▶ [Problem description]
All the lines below need to be transcribed exactly. Pictures get left out.

▶ [Recorded data]

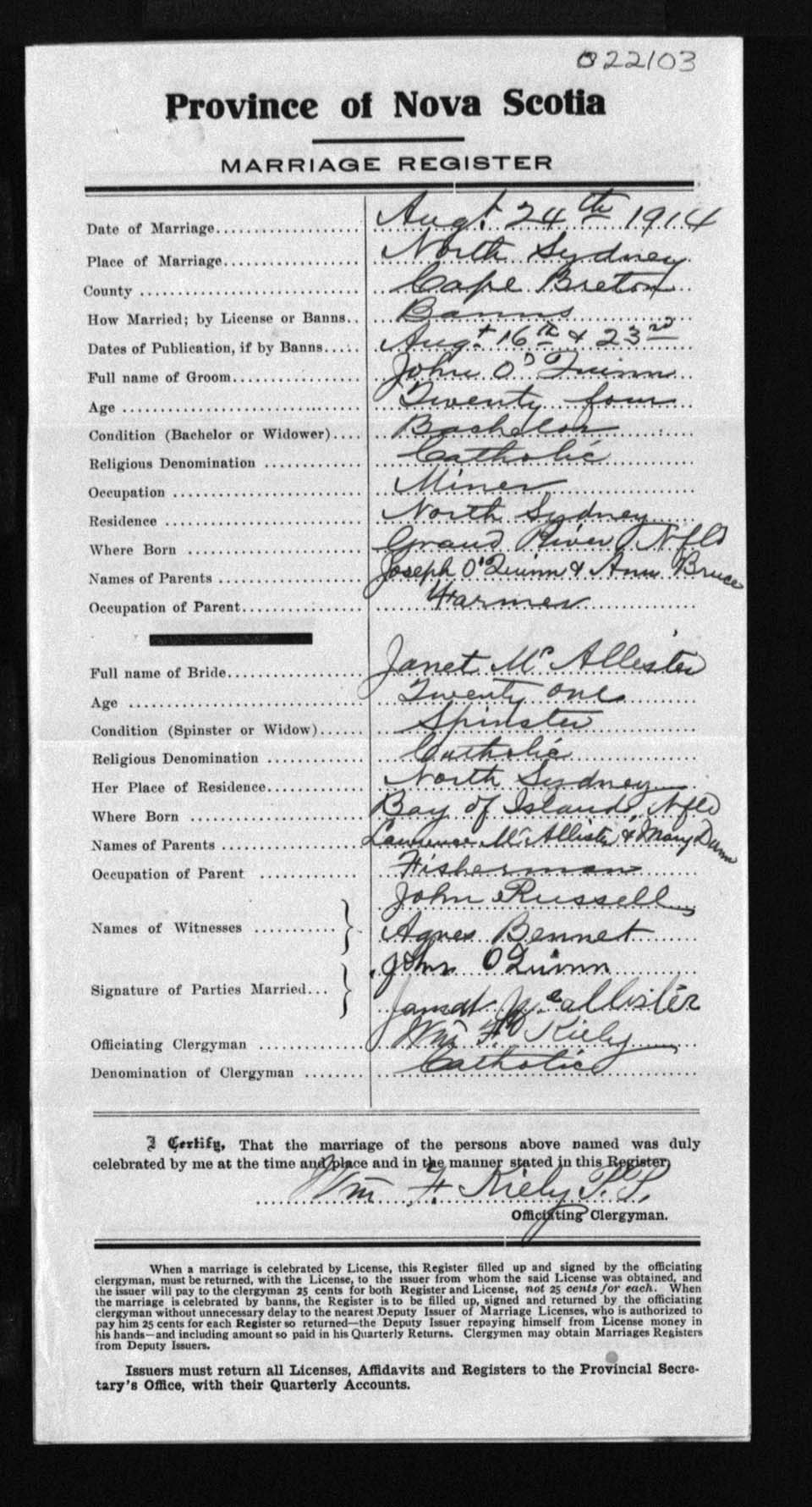 Registration: Year: 1914 number: 22103
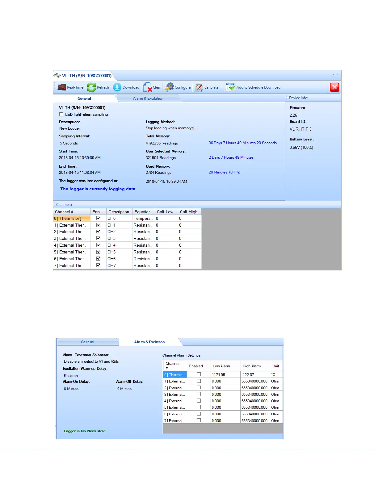 “Alarm & Excitation” tab page caption, the following page will appear:
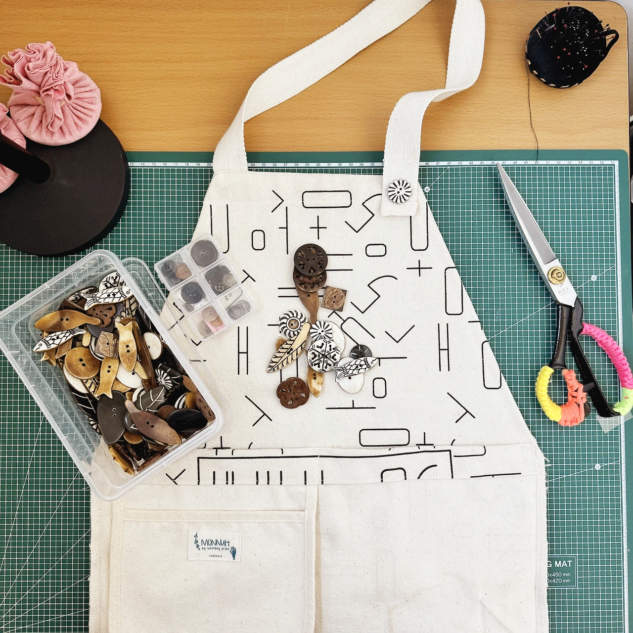 뒷면을 자르고 남은 1/2의 천을 양 옆에 붙여 보려다가 말았다. 이것만으로도 작지만 깔끔한 앞치마인 것 같았다. 군더더기는 필요 없었다. 목부분의 끈이 약간 짧은 것 같아서 한쪽 봉제선을 풀고 단추로 마무리하면서 기존끈을 늘렸다. 마침 공정무역 뿔단추가 있었다. 검정라인 패턴과 어울리는 단추다.

▶ [Solution to this problem]
 Registration: Year: 1914 number: 22103
 “Alarm & Excitation” tab page caption, the following page will appear:
 뒷면을 자르고 남은 1/2의 천을 양 옆에 붙여 보려다가 말았다. 이것만으로도 작지만 깔끔한 앞치마인 것 같았다. 군더더기는 필요 없었다. 목부분의 끈이 약간 짧은 것 같아서 한쪽 봉제선을 풀고 단추로 마무리하면서 기존끈을 늘렸다. 마침 공정무역 뿔단추가 있었다. 검정라인 패턴과 어울리는 단추다.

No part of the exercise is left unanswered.